HIV enters the central nervous system (CNS) early in infection, likely via infected macrophages/microglia [3, 6]. CNS invasion by HIV is associated with several abnormalities, including encephalomyelitis, radiculopathy, and a number of opportunistic infections of the CNS [8, 14, 15]. Inflammation in the peripheral nervous system causing painful neuropathy is also common. Such insults to the CNS can lead to HIV-associated dementia (HAD), which has displayed a decreasing incidence rate with the advent of antiretroviral therapy (ART) [20]. However, a less severe but clinically relevant neurocognitive abnormality termed HIV-associated mild neurocognitive disorder is actually increasing in prevalence among ART-experienced patients who do not display additional clinical manifestations of ongoing HIV infection [17]. Moreover, although as a subcortical disorder, HAD is distinct from Alzheimer’s disease, it has been postulated that the neurotoxic as well as ancillary effects of HIV infection (such as increasing amyloid levels) could predispose infected individuals to Alzheimer’s disease pathogenesis [5].

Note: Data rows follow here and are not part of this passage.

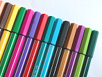 Rotuladores. Inventado polo xaponés Yukio Hoire, a mediados do século 20, nace para satisfacelas necesidades dos artistas gráficos. É un instrumento de punta de feltro que contén tintas de cores, e que produce trazos moi definidos. Non se pode borrar e é difícil de mesturar. O branco obtémolo do papel. |
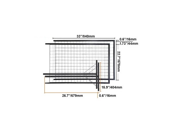 The metal grid wall display with stand is designed for showcasing goods, decorations, or various items. The structure includes two grid panels that can be used on both sides, creating a practical display area.
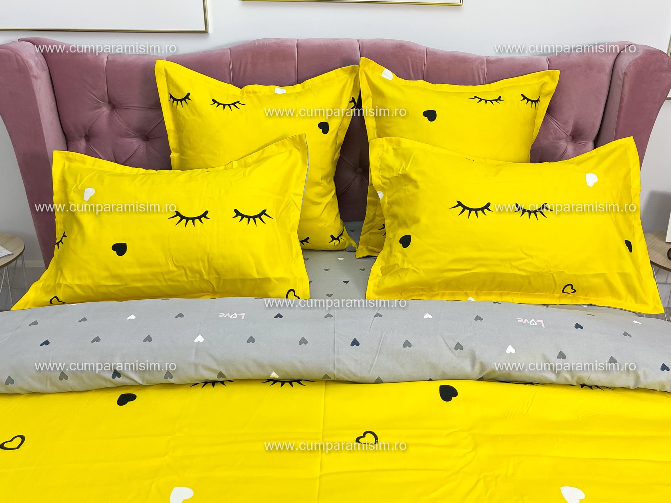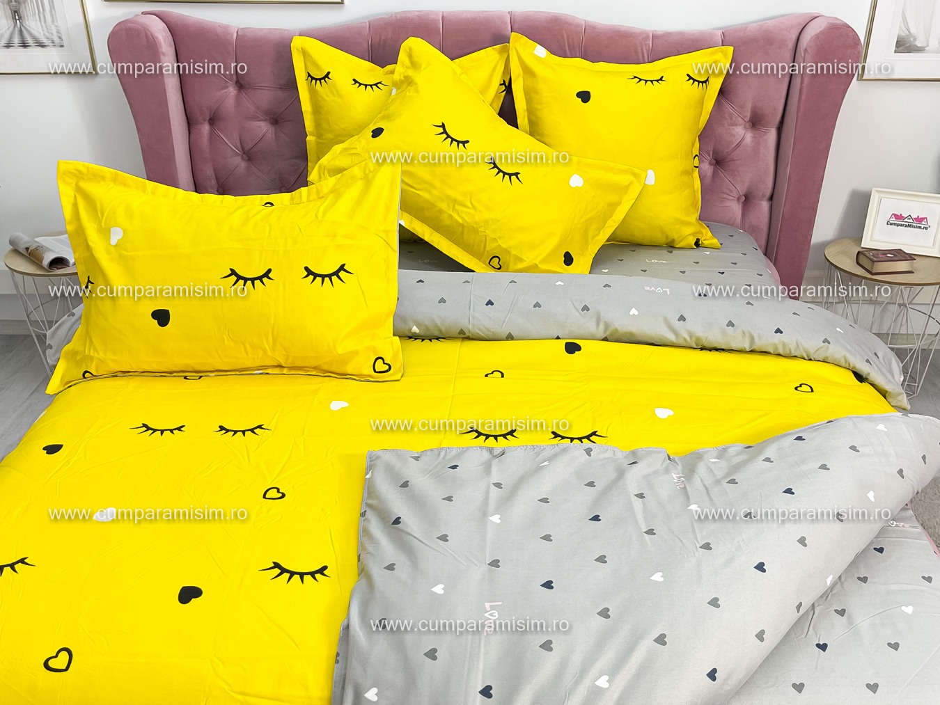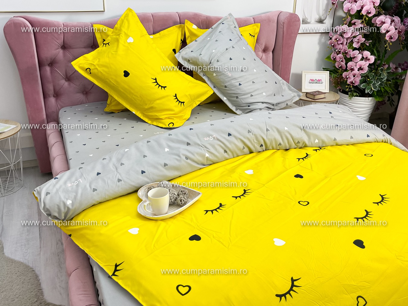 Lenjerie pat dublu, FINET, 6 piese, Jojo Home, Galben-Gri, gene, inimioare
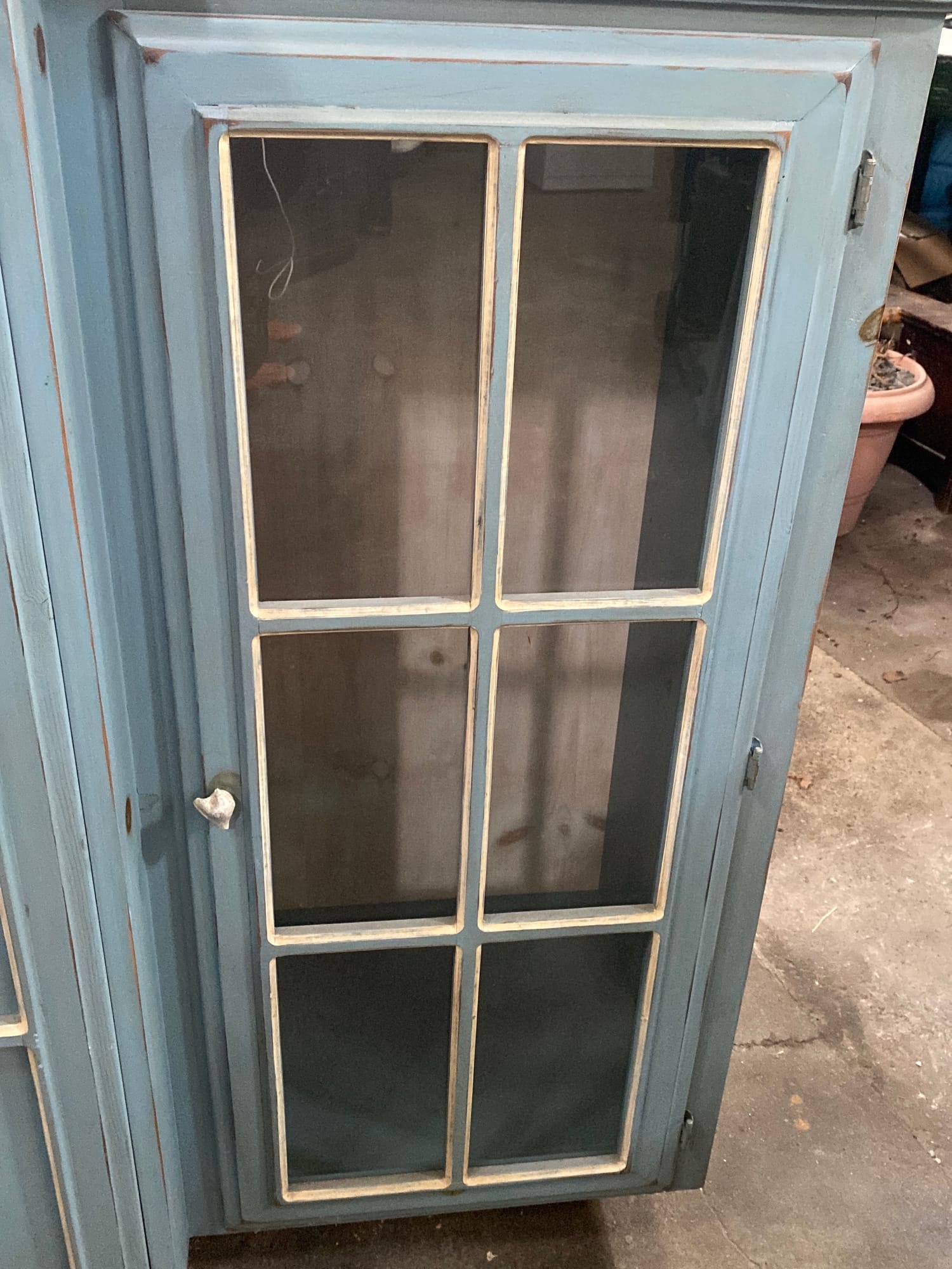 905 Custom Made China/TV cabinet 86x53x28 painted distressed Blue,
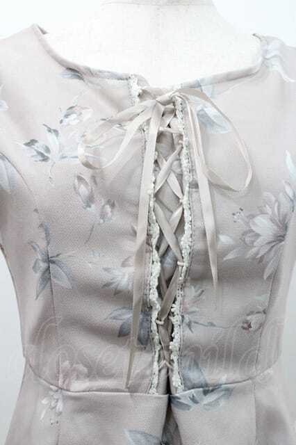 evelyn / フラワープリント編み上げリボンノースリーブワンピース ピンクベージュ I-26-01-10-083-LO-OP-SA-ZI [戻る]
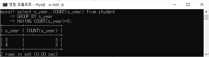 | 학생의 s_year, COUNT(s_year) 선택 s_year로 그룹화 HAVING COUNT(s_year)=3; |
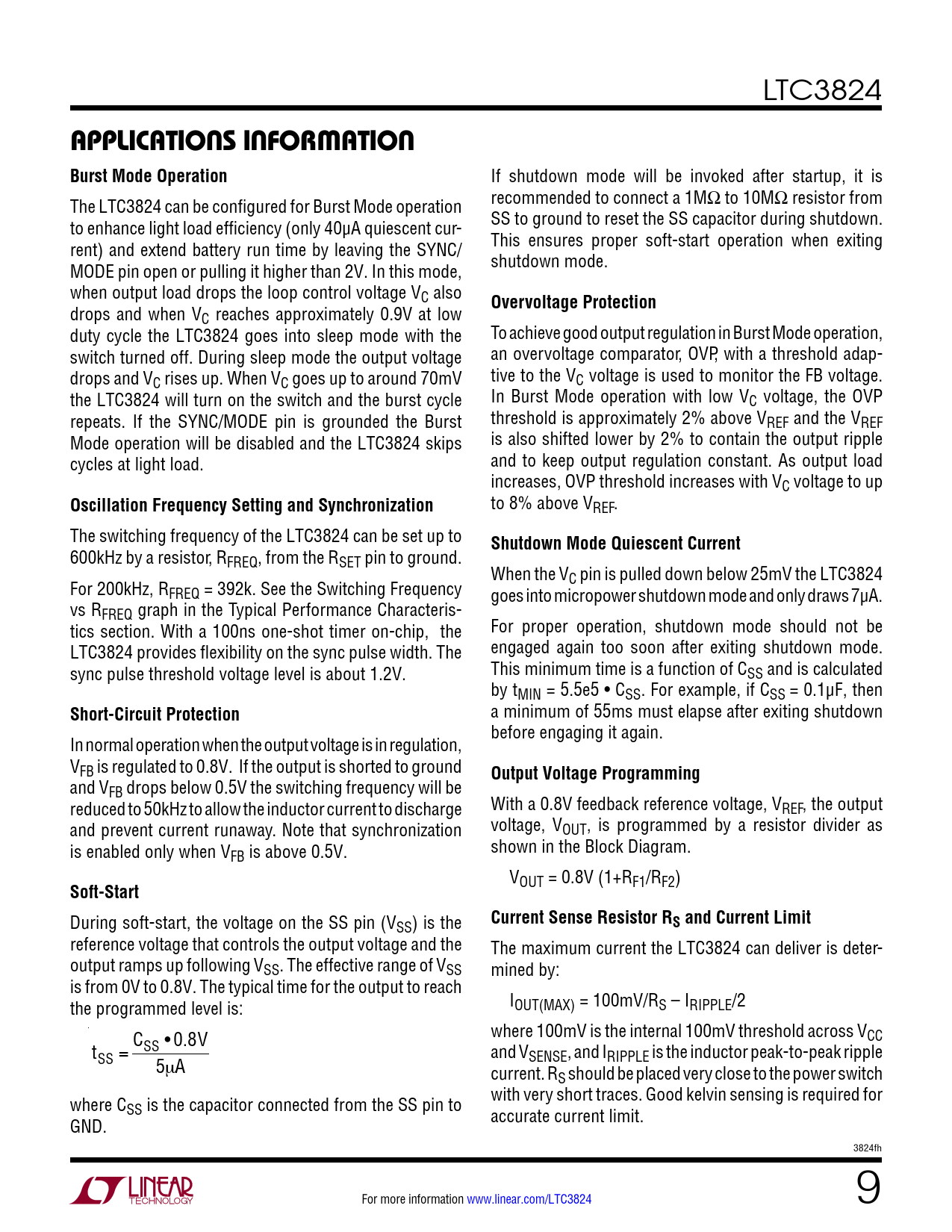 LTC3824 applicaTions inForMaTion Burst Mode Operation If shutdown mode will be invoked after startup, it is The LTC3824 can be configured for Burst Mode operation recommended to connect a 1MΩ to 10MΩ resistor from to enhance light load efficiency (only 40µA quiescent cur- SS to ground to reset the SS capacitor during shutdown. rent) and extend battery run time by leaving the SYNC/ This ensures proper soft-start operation when exiting MODE pin open or pulling it higher than 2V. In this mode, shutdown mode. when output load drops the loop control voltage VC also Overvoltage Protection drops and when VC reaches approximately 0.9V at low duty cycle the LTC3824 goes into sleep mode with the To achieve good output regulation in Burst Mode operation, switch turned off. During sleep mode the output voltage an overvoltage comparator, OVP, with a threshold adap- drops and VC rises up. When VC goes up to around 70mV tive to the VC voltage is used to monitor the FB voltage. the LTC3824 will turn on the switch and the burst cycle In Burst Mode operation with low VC voltage, the OVP repeats. If the SYNC/MODE pin is grounded the Burst threshold is approximately 2% above VREF and the VREF Mode operation will be disabled and the LTC3824 skips is also shifted lower by 2% to contain the output ripple cycles at light load. and to keep output regulation constant. As output load increases, OVP threshold increases with VC voltage to up Oscillation Frequency Setting and Synchronization to 8% above VREF. The switching frequency of the LTC3824 can be set up to Shutdown Mode Quiescent Current 600kHz by a resistor, RFREQ, from the RSET pin to ground. When the V For 200kHz, R C pin is pulled down below 25mV the LTC3824 FREQ = 392k. See the Switching Frequency goes into micropower shutdown mode and only draws 7µA. vs RFREQ graph in the Typical Performance Characteris- tics section. With a 100ns one-shot timer on-chip, the For proper operation, shutdown mode should not be LTC3824 provides flexibility on the sync pulse width. The engaged again too soon after exiting shutdown mode. sync pulse threshold voltage level is about 1.2V. This minimum time is a function of CSS and is calculated by tMIN = 5.5e5 • CSS. For example, if CSS = 0.1μF, then Short-Circuit Protection a minimum of 55ms must elapse after exiting shutdown before engaging it again. In normal operation when the output voltage is in regulation, VFB is regulated to 0.8V. If the output is shorted to ground Output Voltage Programming and VFB drops below 0.5V the switching frequency will be reduced to 50kHz to allow the inductor current to discharge With a 0.8V feedback reference voltage, VREF, the output and prevent current runaway. Note that synchronization voltage, VOUT, is programmed by a resistor divider as is enabled only when V shown in the Block Diagram. FB is above 0.5V. V Soft-Start OUT = 0.8V (1+RF1/RF2) During soft-start, the voltage on the SS pin (V Current Sense Resistor R SS) is the S and Current Limit reference voltage that controls the output voltage and the The maximum current the LTC3824 can deliver is deter- output ramps up following VSS. The effective range of VSS mined by: is from 0V to 0.8V. The typical time for the output to reach the programmed level is: IOUT(MAX) = 100mV/RS – IRIPPLE/2 C where 100mV is the internal 100mV threshold across VCC t SS • 0.8V SS = and VSENSE, and IRIPPLE is the inductor peak-to-peak ripple 5μA current. RS should be placed very close to the power switch where C with very short traces. Good kelvin sensing is required for SS is the capacitor connected from the SS pin to GND. accurate current limit. 3824fh For more information www.linear.com/LTC3824 9 Document Outline Features Description Applications Typical Application Absolute Maximum Ratings Pin Configuration Electrical Characteristics Typical Performance Characteristics Applications Information Typical Application Related Parts
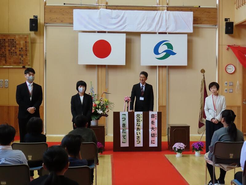 始業式では1年間頑張ってほしい3つのめあてについて話しました。「つきだて」の合い言葉(強い心と体に挑む子、気持ちよく働く子、誰にでも優しい子、丁寧に学ぶ子)を目指すこと、「元気なあいさつ」をすること、「命を大切に」することです。
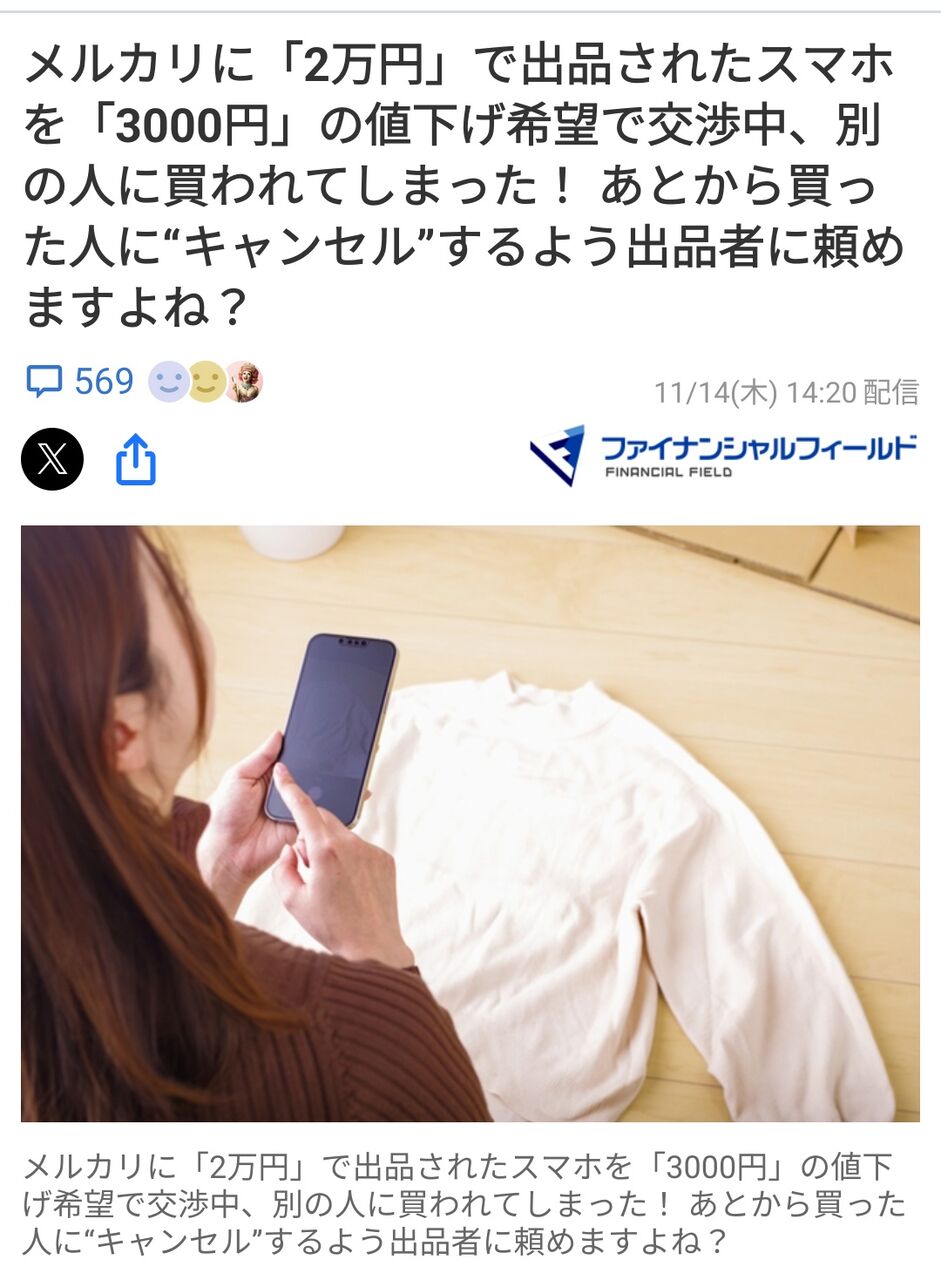メルカリ民「値段交渉中に別の人に落札された!キャンセルさせたい!😭」

It is thought that human neurons are not productively infected by HIV [11]. However, the HIV coat protein gp120 has been implicated in neuronal cell death, either through alterations of microglia and astrocyte physiology or through direct neuronal contact and induction of pro-apoptotic signaling [2, 4, 24]. Accordingly, a need for novel approaches to prevent HIV-associated CNS pathologies, including those that would inhibit the direct killing effects of HIV gp120 on neurons is indicated.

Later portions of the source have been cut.